A brave young Rockwell College student has vowed to take his campaign to the Dail in order to improve services for teenagers who suffer acquired brain injuries.
Conor Devlin (15) son of Michael and Catriona Devlin from Annacarthy suffered a serious brain injury as a result of a car accident on December 3rd 2012. Now fully recovered Conor is planning to use the anniversary of his accident to highlight the lack of services for young people between the ages of 13 and 17 in Ireland with a TV appearance and an address to Dail deputies.
Conor sustained his injuries when the family car was in collision with a tractor near Dundrum.
“I had two skull fractures one to my cheek bone and a fractured base of skull. I had a bleed at my cerebellum which is the balance centre of your pain. I also had a frontal lobe injury which affects your emotions and I had little bleeds all over my brain.I was on the critical list. As there is no neuro department in Clonmel it was decided that for fear of any brain swelling or bleeding that I was transferred to Cork ICU’’.
Conor said that his troubles only really surfaced when he tried to avail of services for people with acquired brain injuries.
“There are no such service available in Ireland for 13 to 17 year olds with acquired brain injuries,” he said.
His mother pleaded for help. Mary Heffernan from Aquired Brain Injury (ABI) in Cashel went beyond their remit and came to the rescue of the family.

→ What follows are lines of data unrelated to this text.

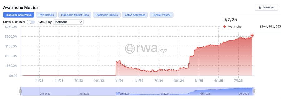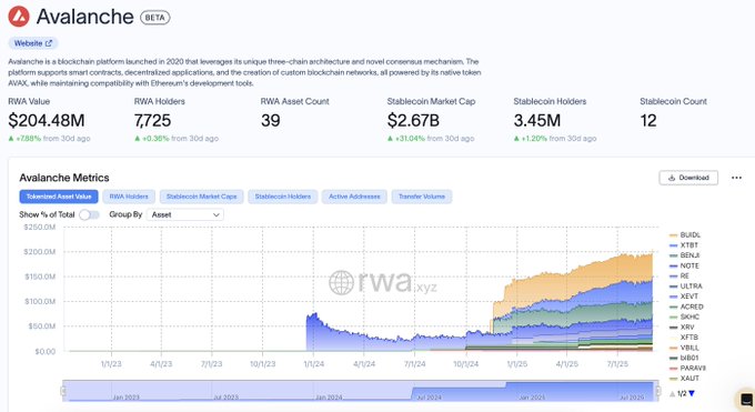 AVAX上的 RWA 價值首次超過 2 億美元。 成為全球資產機構規模代幣化最值得信賴的目的地之一。 🔺 這是資本在鏈上連接現實世界價值的地方。 twitter.com/BlizzardFund/statu...
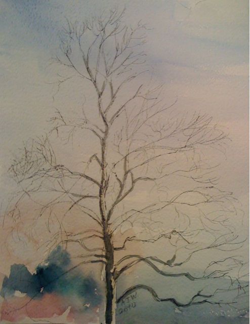 The birch tree was even taller and thinner than in the picture it continued down, but the best bit was this bit against the sky. There are so many tiny branches on trees like this that it would be madness to try and paint them all so I have tried to get an impression of busyness.
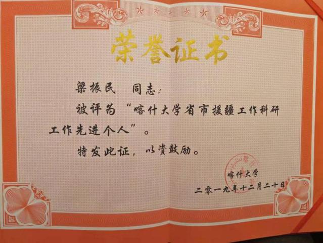 梁振民老师被评为喀什大学省市援建工作科研工作先进个人
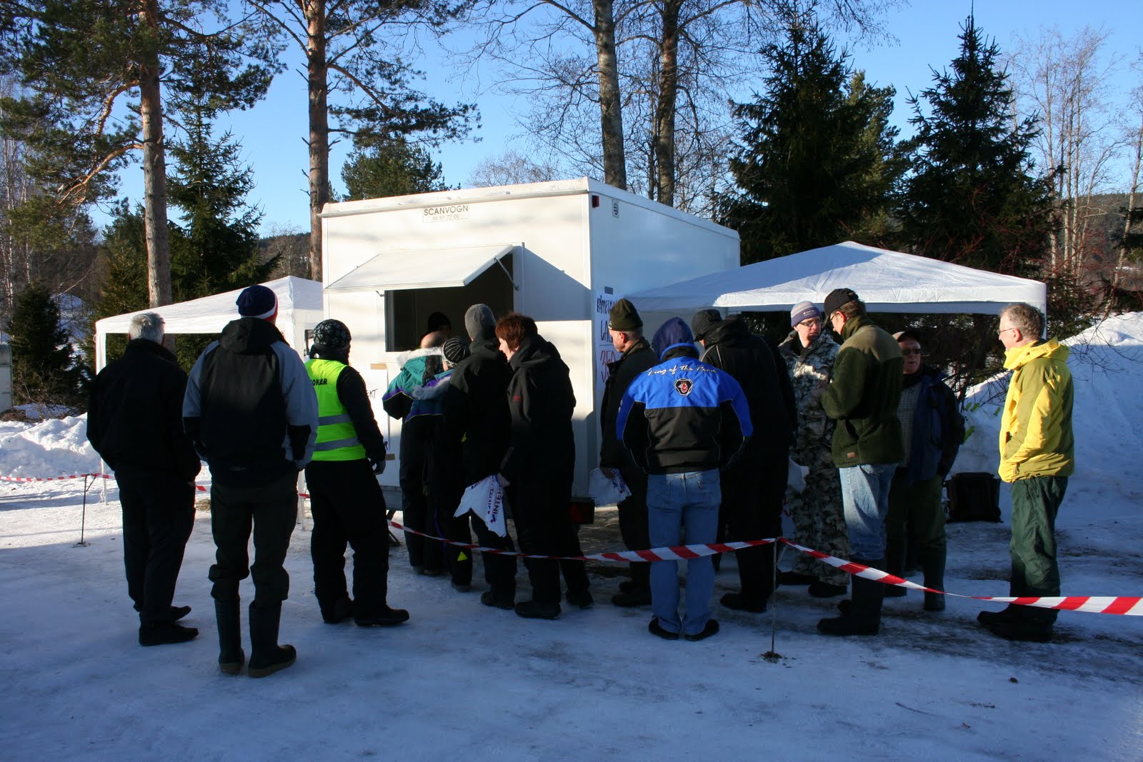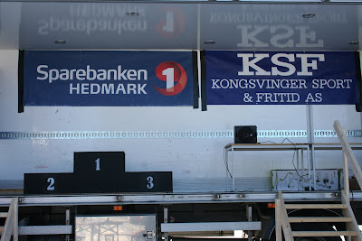 Vi ble sponset med et lån av en flott lastebil fra Engh transport AS. En helt uvurdelig forenkling av gjennomføringen for oss arrangører. Her ser vi pallen med bannere fra vår samarbeidspartner Sparebanken Hedmark og vår sponsor Kongsvinger sport og fritid AS
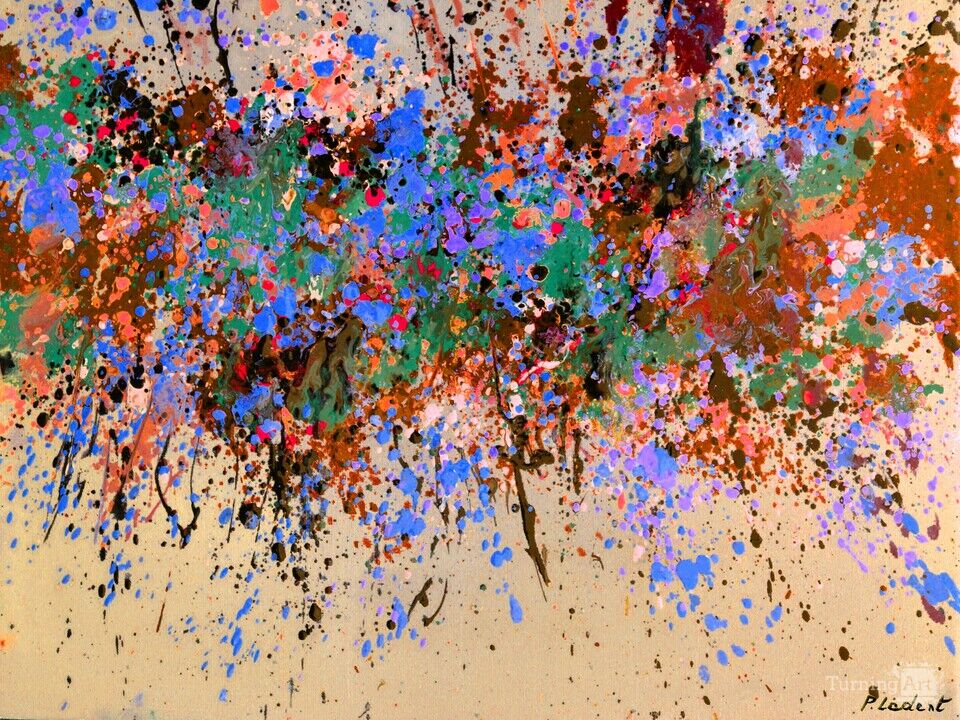 This artwork, clearly created in the style of Abstract Expressionism, depicts an explosion of colors and shapes that instantly captivate the viewer. The canvas is dominated by a myriad of colored spots and splashes, primarily in shades of blue, greenish, and yellow, with touches of red and black. The artist used a dripping technique, similar to that popularized by Jackson Pollock, giving the work a sense of movement and impulsiveness. The splashes seem to be concentrated primarily in the center of the composition, creating a diffuse horizontal form that extends from one side of the canvas to the other. It is as if pent-up energy has exploded, scattering dynamic fragments all around. The density of colors in the center contrasts strikingly with the lighter background, creating depth and dimension that draw the eye toward the vibrant heart of the work. The contrast between dense areas and more airy spaces, as well as the variety of sizes and shapes of the projections, demonstrate a sophisticated mastery of the medium. The thoughtful use of colors invites further exploration, their interaction suggesting deep and complex emotions. This painting is not a mere demonstration of technique, but a true immersion in organized chaos, an invitation to lose oneself in a universe of color and movement. The visual impact is reinforced by the discreet signature in the lower right corner, subtly recalling the artist without distracting from the overall composition. This work is a perfect example of the emotional and visual power that abstract art can achieve when executed with skill and passion.

“ Mary helped reassure my mum that all specialities were put in place for me, the psychology support I needed was in Tullamore this was arranged through ABI as there was none locally. Having the specialised care in place ensured that I only had to have 2 weeks assessment in the National rehabilitation centre in Dun Laoghaire’’.
Conor is now in Transition Year in Rockwell. “The lack of support for my age group has greatly upset me and I want to help do something about this.The earlier the specialist services are put in place the better the outcome. If this is the case why are they not in place for such a high risk group’’. ’.